Rustling sounded from within, and then footsteps. The door opened, revealing only darkness within. But he was there, there was no doubt, lurking in the shadows: his master. Even from the hall the stench of the room was overpowering. Sweat, blood, human waste, burned flesh: the smell of torture. He resisted the urge to cover his nose.
“Rowan,” his master’s voice growled from the darkness. “You’ve caught me at a bad time.”
“You sent for me.”
His master paused, and the air suddenly became more difficult to breathe. Had he spoken out of turn? Was his master angry?

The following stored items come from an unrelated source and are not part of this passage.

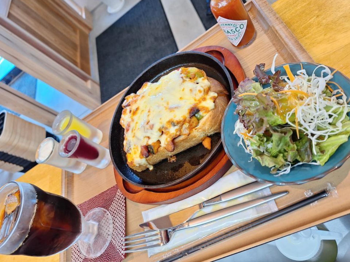 一番人気メニュー「彩り野菜のピザトーストセット」は、厚切りトーストに彩り豊かな新鮮野菜がたっぷり乗った、ボリューム満点で健康的な一品です。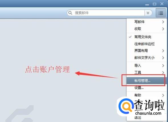 首先打开Foxmail客户端,点击右上角的按钮,然后选择账号管理选项,如下图所示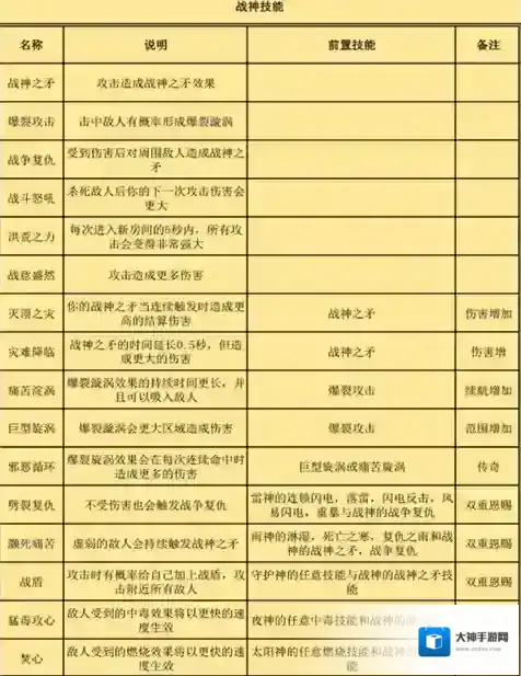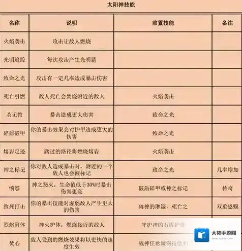 太阳神技能属于光火系。主要针对伤害提升、附属伤害、范围伤害、追踪伤害,是每个大关卡提升实力的关键技能。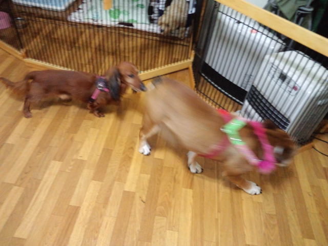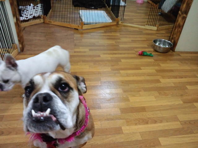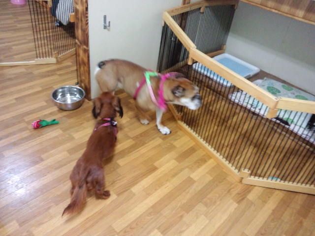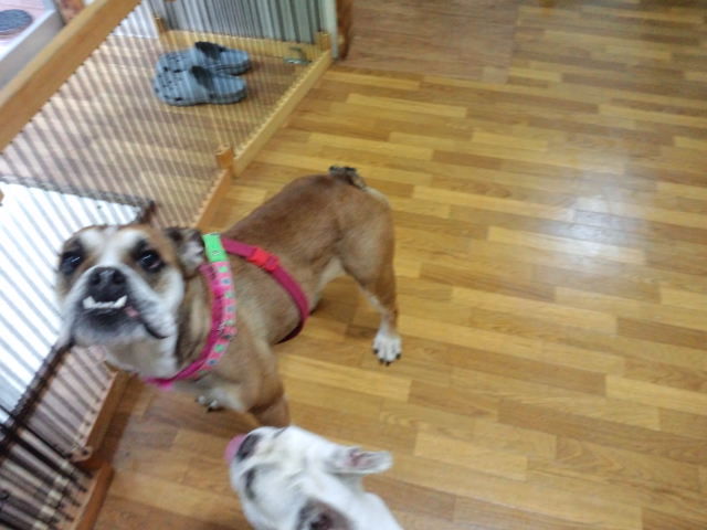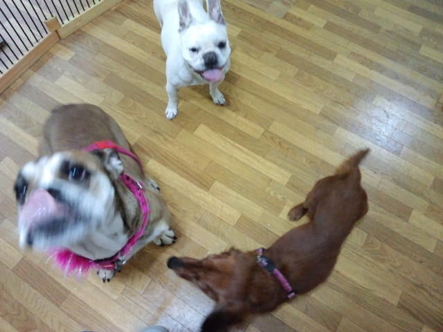 ブルドッグのヒメちゃんがチェックインしました。ダックスルシア君がヒメちゃんをお気に入りみたいです。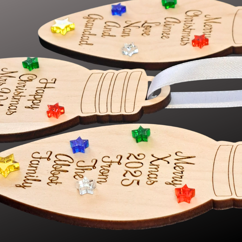 The baubles are laser cut and engraved with mirror acrylic stars to give that extra special touch to the design.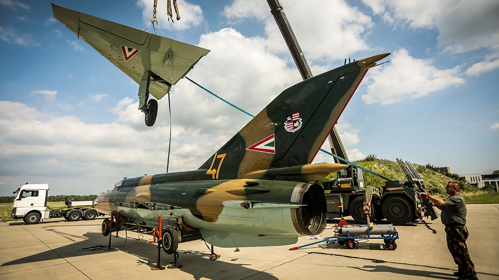 Szárnyait már a Pápai légibázis hangárja előtt kapta vissza, 1990 előtt összesen 1764 órát és 51 percet repült (Fotó: Honvedelem.hu)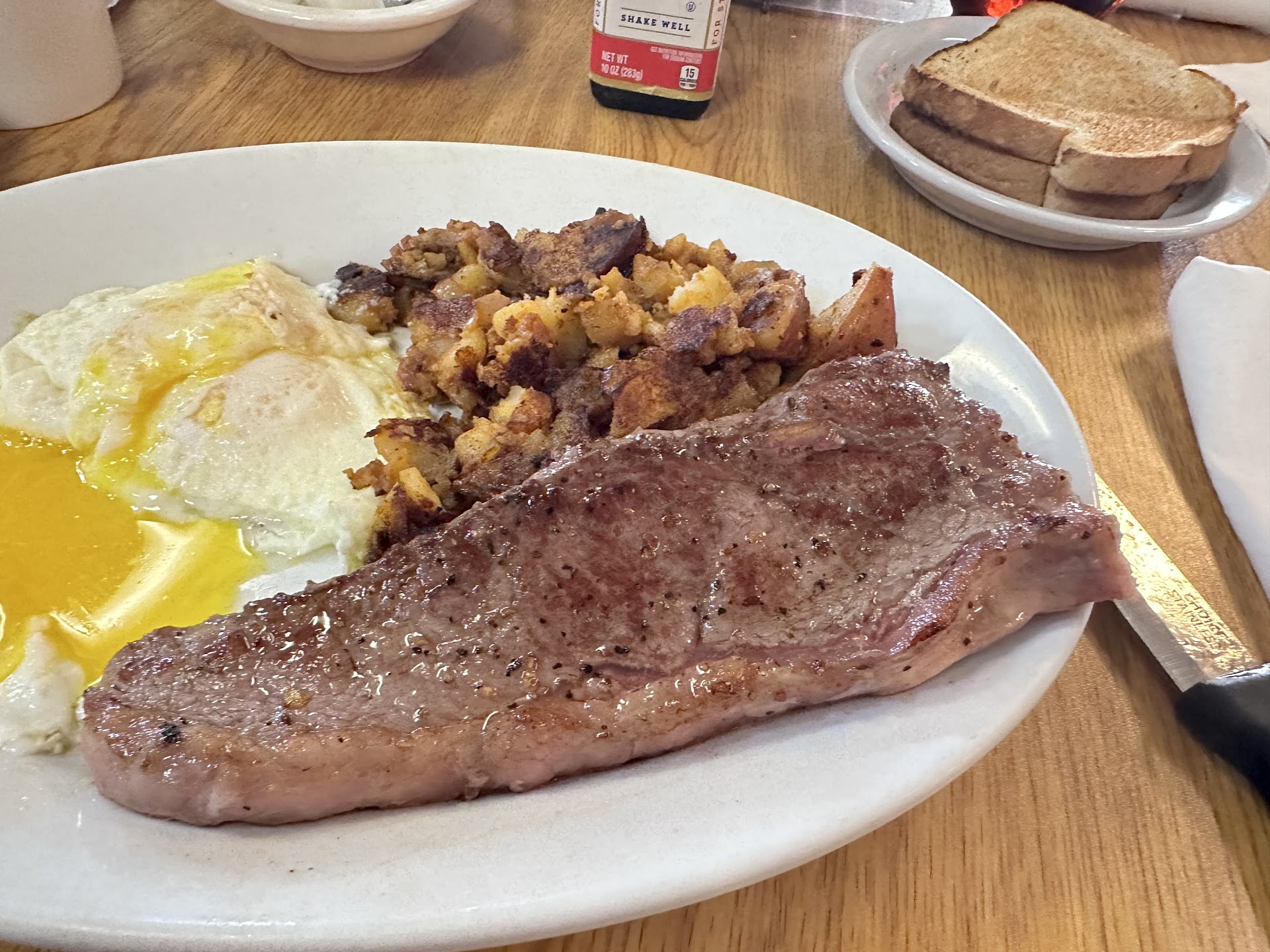 I like road trips because they allow BBDO to expand our reviews to places outside of the Space Coast. This was how I found myself in Stuart, FL, looking for some chow. When I saw the name Alice's Family Restaurant, I immediately thought I was in an Arlo Guthrie song. However, I quickly realized I was still in South Florida as I melted, stepping out of the air-conditioned confines of the Big Boy Mobile. Ashley was my server today, and she was gregarious, professional, and spot-on throughout the meal. I ordered a New York Strip and Eggs with a side of Home Fries and a short stack (2) of Banana Pecan Pancakes. Ashley went to put my order in, so I took a peek around the place. It was clean, bright, and empty!
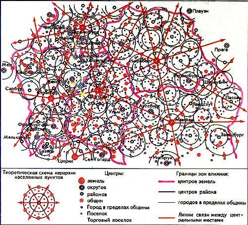 Докторская диссертация немецкого ученого Вальтера Кристаллера "Центральные места Южной Германии" была опубликована в 1933 г. В ней была изложена теория оптимального размещения городов, призванная улучшить территориальную организацию общества и усовершенствовать административно-территориальное деление Германии.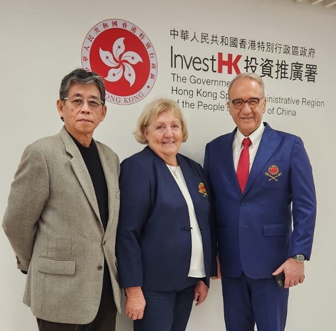- Peter Tang (IDBF General Secretary), Loretta Lewis (IDBF Treasurer) and Claudio Schermi (IDBF President) at Invest HK

“So I did,” came the whispered reply. “Come in. I believe we are at a good stopping point, in any case.”
Rowan blanched at the prospect of entering the torture chamber. The smell of the place was foul enough from the hall; he could only imagine what it would be like within. Not to mention the memories: the most terrible of any he had gained before or since. But he did not have the will to refuse. He stepped across the threshold into the world of darkness, lamenting that covering his nose would no longer do any good. Now he would be lucky not to vomit all over the floor.